Professor Richard Dawkins and 25 other leading British scientists have written to Ed Balls, the schools secretary, to protest that evolution has been omitted from plans for a new primary school curriculum. The scientists, including three Nobel laureates, have asked Mr Balls to ensure that the new science curriculum for English primary schools includes teaching on natural selection.
A draft of the curriculum, which was drawn up by an independent review under Sir Jim Rose and put out to a public consultation that closed last week, did not mention the principle. In the letter, which was organised by the British Humanist Association, the scientists wrote: “We find it extraordinary that evolution and natural selection find no place in the section ‘Science – life and living things’.
“The theory of evolution is one of the most important ideas underlying biological science. It is a key concept that children should be introduced to at an early stage.”
Telegraph (thanks Berber)



I am not altogether sure whether Ed Balls’ simeon visage is strong evidence in favour of the theory of evolution, or conclusive proof that the human race has developed no further than Neanderthal man. Thoughts on this welcomed.
‘missed off the new curriculum’? It was never on ours either! I went to a pretty Christian-based Grammar school, which had a 45-minute hymn and prayer-fuelled assembly every morning. We were not taught anything about Darwin and / or evolution theories. It’s only now that I am in my forties that I feel that I finally feel comfortable being a non-believer as I have a wider choice of reading and research material.
Alice: We never developed from Neanderthal man, though — we may have caused their extinction (though every study into that subject seems to claim something else), but h. neanderthalensis was another branch of hominids.
but it’s kind of a hot-button topic for me… people tend to use Neanderthal as a sort of insult, but Neanderthals were probably as intelligent as h. sapiens, and show evidence of a similar sort of culture (grave gifts and such).
Don’t mean to lecture you or anything
I hardly remember that we had anything on evolution back then, but I think we did, not sure though. No, I’m sure not at primary school, maybe later on.
Dont know where else I should have picked up on it (back then discovery and such were not here yet, although it may have been a documentary on tv as well, on Dutch TV channels (3 we had back then …), it was not really in my parents’ focus towards us either, to educate us in this area (although biology itself was not lacking (dad gave biology lessons among other things).
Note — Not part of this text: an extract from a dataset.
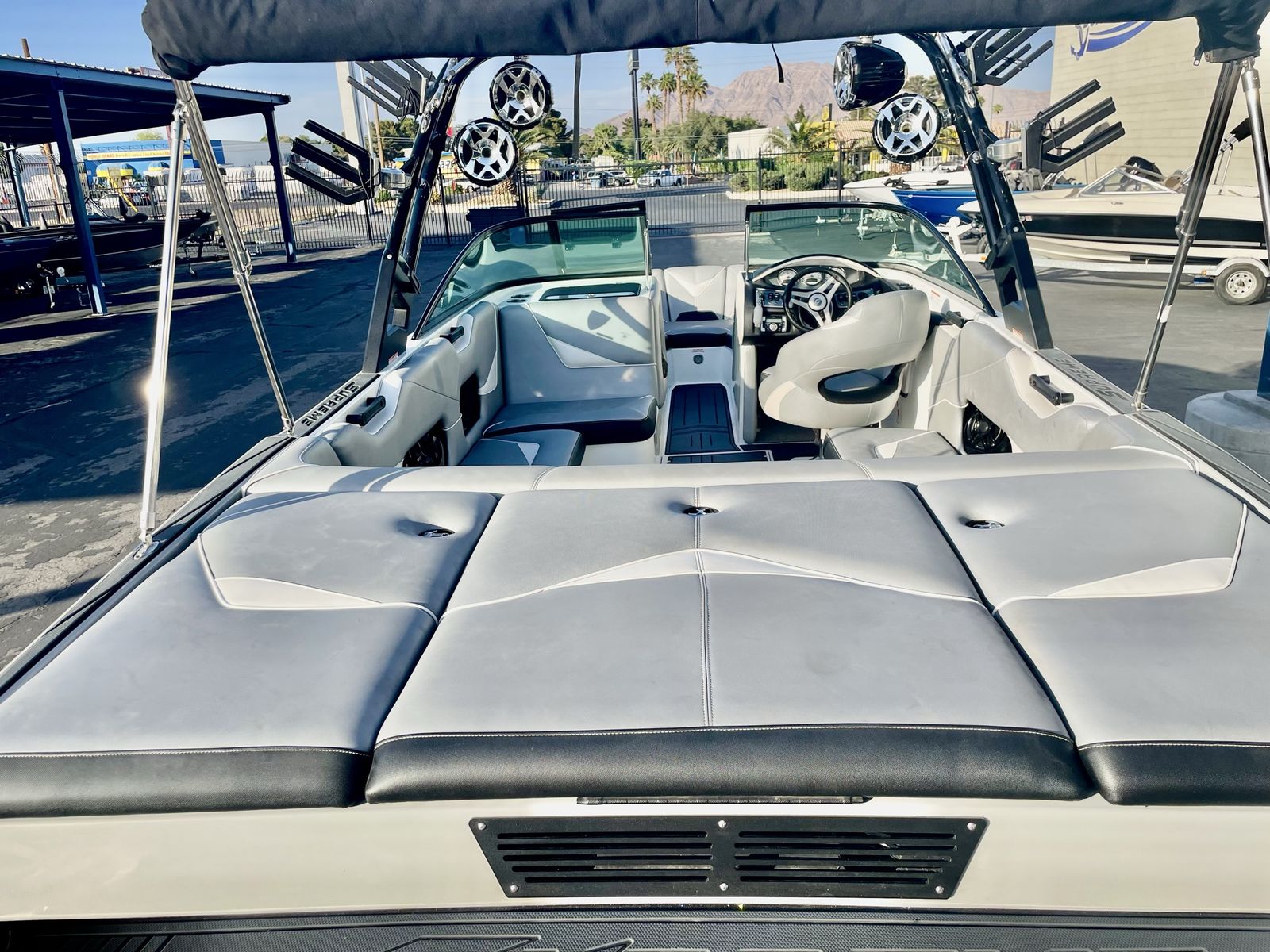 Premium Supreme S238 surf boat rental available for Utah lake adventures. Perfect for wakesurfing, wakeboarding, and all-day lake cruising with friends and family.

They at least should devote one lesson to it, at least. Different type of religions quite often pop up as well in other areas of lessons (here that is). Just to let childeren know what is going on in the world, so that they can make a good choice theirselves, what they will focus on, sort of. Although .. they are quite young … and not all that serious quite often, way too many things that are far more important in their lifes. But just to make school more interesting .. Yes, I’d be in favor of lots of lessons which we did not have back then. But is there enough time for it … there are a few things the kids will have to learn above all (writing, calculating, reading) … Hm, seems to be more than enough time. Although … At times I wonder what the hell we have been doing all day long there .. if I hear what childeren nowadays get in class at primary school .. But reading, writing and calculating got in quite well, that’s for sure. i do remember one class in sexual education .. ehehehe …. no clue why we got that .. was def. not my interest … found it far more ineresting to study the teacher … still remember wondering whether he got aroused by it .. (he sort of drewled a bit …).
Anybody else think that Ed looks like some actor playing a ‘government type’ on an episode of [spooks]?
Come on, Ed Balls, that’s a fake name right?
When I first saw this I thought it said: ‘Scientists complain to Ed Balls about his lack of evolution.’
In a funny way, it still kind of made sense.
I suspect most of the signatories to that letter didn’t read the proposed science curriculum. It doesn’t mention atomic theory, gravitational theory, or all sorts of other scientific theories which are just as true and important as evolutionary theory. That’s because it isn’t that sort of document, and primary level science isn’t first and foremost about teaching theory. There’s plenty of room in there for teachers to discuss evolution as part of the themes about the natural world. This protest has less to do with inadequacies in the curriculum than it does with Richard Dawkins’s odd belief that the whole of the natural sciences are somehow reducible to Darwinian evolution, and that somehow forcing everyone to learn about evolution at an early age will kill religion, as if there were no Christians who accept that evolution happened (most of them do, in my experience).